Work required:
Would you please return the data below verbatim, without its pictures?

Recorded information:

BEGIN

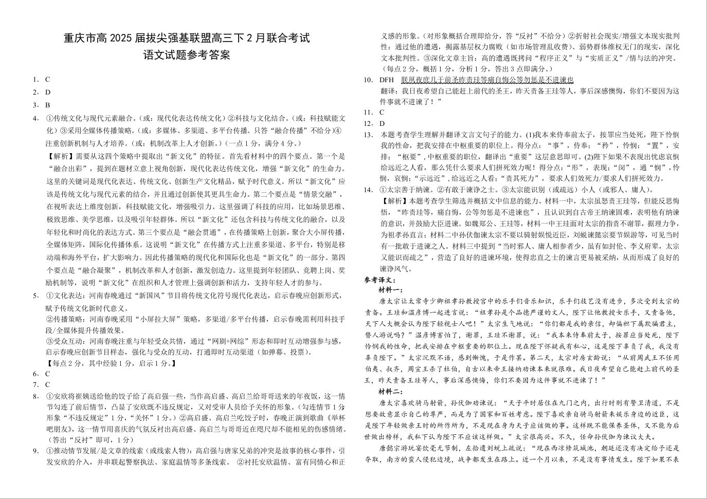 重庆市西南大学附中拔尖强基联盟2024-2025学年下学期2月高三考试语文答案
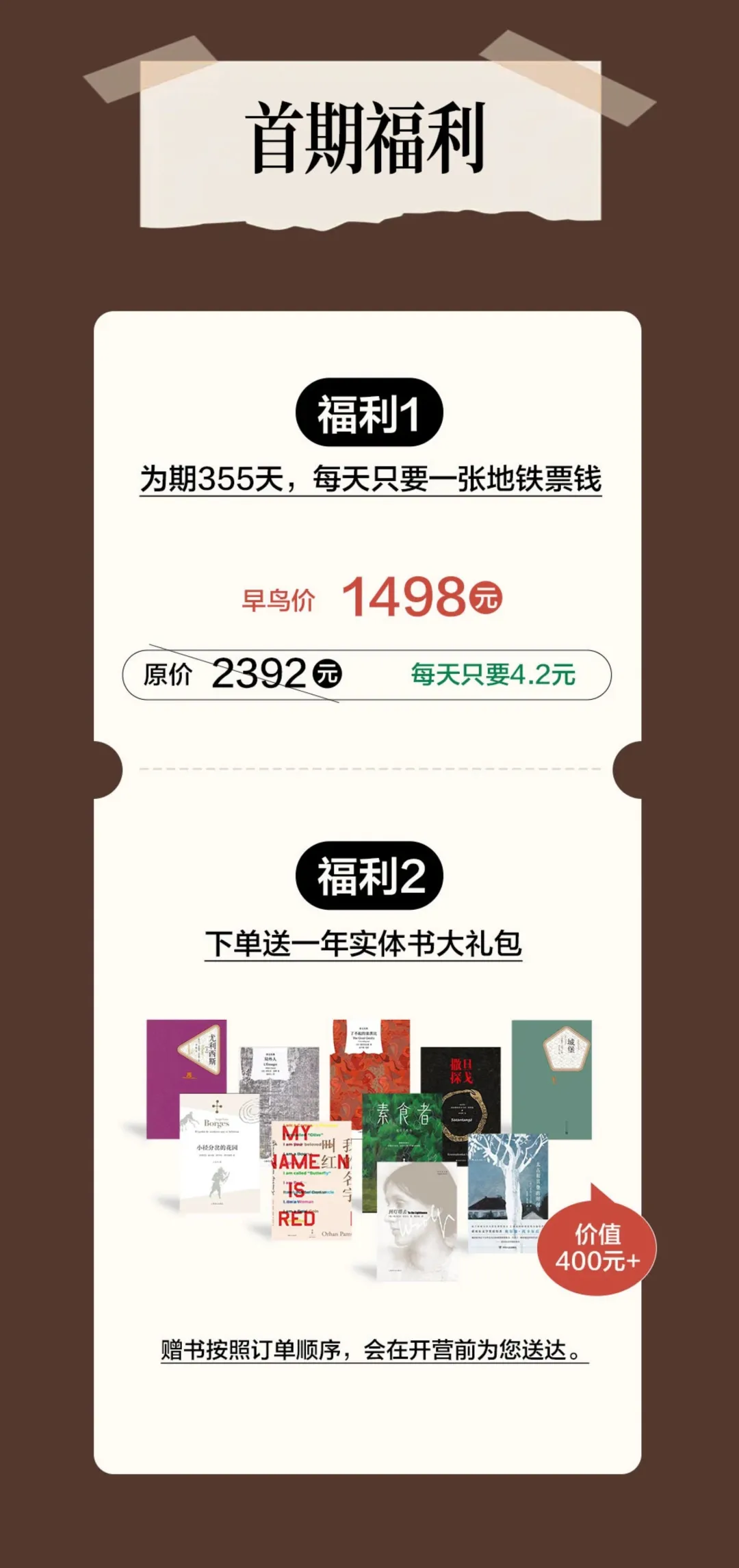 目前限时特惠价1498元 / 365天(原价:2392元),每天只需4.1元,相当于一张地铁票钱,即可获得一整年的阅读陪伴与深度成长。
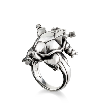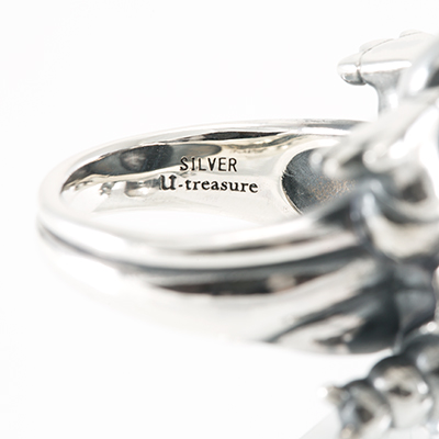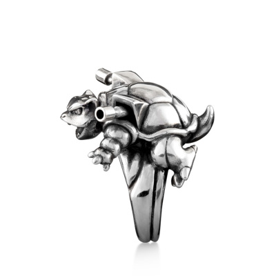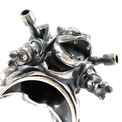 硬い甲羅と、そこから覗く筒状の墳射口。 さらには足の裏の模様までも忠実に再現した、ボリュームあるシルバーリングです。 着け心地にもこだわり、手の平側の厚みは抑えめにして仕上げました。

END

Result of this task:
 重庆市西南大学附中拔尖强基联盟2024-2025学年下学期2月高三考试语文答案
 目前限时特惠价1498元 / 365天(原价:2392元),每天只需4.1元,相当于一张地铁票钱,即可获得一整年的阅读陪伴与深度成长。
 硬い甲羅と、そこから覗く筒状の墳射口。 さらには足の裏の模様までも忠実に再現した、ボリュームあるシルバーリングです。 着け心地にもこだわり、手の平側の厚みは抑えめにして仕上げました。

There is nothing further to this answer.